Since it was in one of the quickly-disappearing threads, I'll repeat (more briefly) something I wrote about 2 weeks ago: It's interesting to see the variations on this theme in different, uh, vampverses (?!). In some stories the person wielding the cross or other symbol needs to believe in it for it to work. In others it has to be the symbol of the (pre-)vampire's religion. In most (that I've read/seen) the cross works no matter who uses it against which vampire, whether for religious reasons or because it just does. In some (somebody mentioned Blade) it doesn't work. As always, it's up to the writers.

PS to Isabel: Sorry to hear about your ankle. I can sympathize--I sprained mine almost 6 months ago.

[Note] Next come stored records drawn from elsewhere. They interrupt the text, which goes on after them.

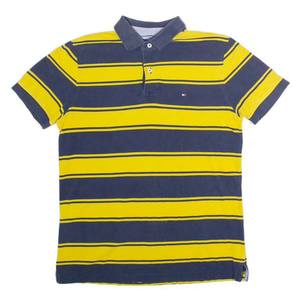 TOMMY HILFIGER Custom Fit Mens Polo Shirt Yellow Striped M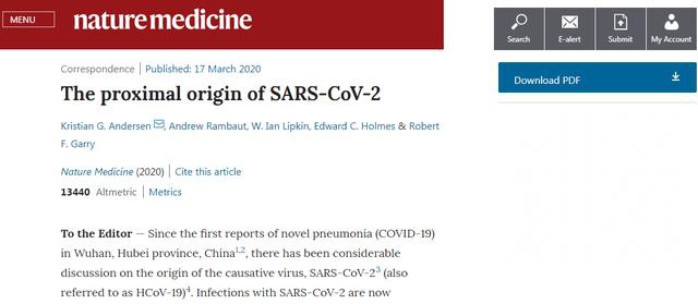 美国斯克里普斯研究所专攻免疫学和微生物学的克里斯蒂安·安德森(Kristian Andersen)博士在《自然医学》期刊发表论文,将新冠病毒与其他六种已知感染人类的冠状病毒进行对比,研究后得出结论,新冠病毒并非人造。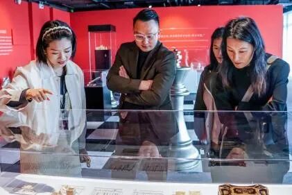 图|讲解员介绍外销扇、师生共赏文物、讲解员介绍藏品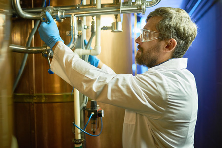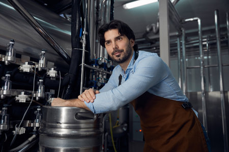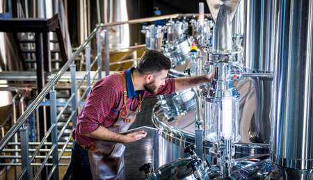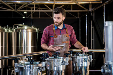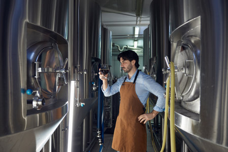 Young male brewer in leather apron supervising the process of beer fermentation at modern brewery factory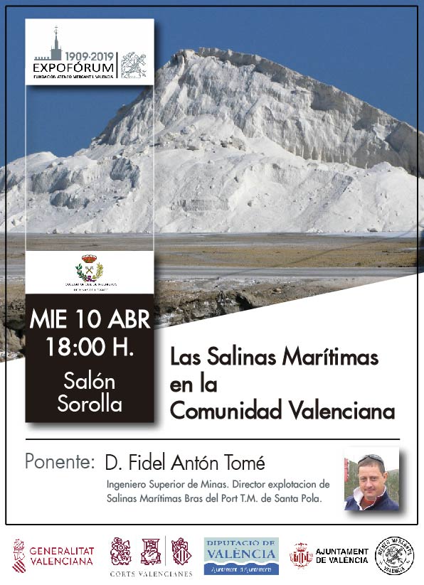 El Expoforum Valencia 2019 ha preparado una nueva conferencia en el Ateneo Mercantil de Valencia que organiza el Colegio Oficial de Ingenieros de Minas de Levante el próximo miércoles 11 de abril a las 18 horas en la Salón Sorolla de nuestra entidad. La conferencia llega con el título: "Las Salinas Marítimas en la Comunidad Valenciana" y que impartirá D. Fidel Antón Tomé, Ingeniero Superior de Minas. Director explotacion de Salinas Marítimas Bras del Port T.M. de Santa Pola.

I altenately sat & was wheeled around the emergency dep't. for...well, I didn't time it, but nobody there thought to put ice on it & I didn't think to ask for it! It's almost back to normal now, most of the time, if I don't overuse it. I hope yours heals quickly.

[> [> [> [> [> [> Hot cross buns? Buffy the vampire baker! -- spotjon, 07:33:11 08/14/01 Tue

[> [> [> [> [> [> Random Religious Symbols and Vampires - Oh the pain! -- fresne, 15:13:57 08/16/01 Thu

Re: the subject of vampires reacting to all religious symbols, you might try reading Carpe Jugularum by Terry Pratchett. Damn these new age vampires and all their new fangled ideas. Very funny. Well it's Pratchett, so funny is baked right in if you like dry wit and references to history/literature/etc, which doesn't describe any of us does it.

[> See "Idiotic Question Regarding 'The Harvest'" Below -- mundusmundi, 05:41:15 08/13/01 Mon

Some of these questions are being discussed down there. There's also an excellent article in Slayage, linked by Rattletrap's post in the same thread, on this subject.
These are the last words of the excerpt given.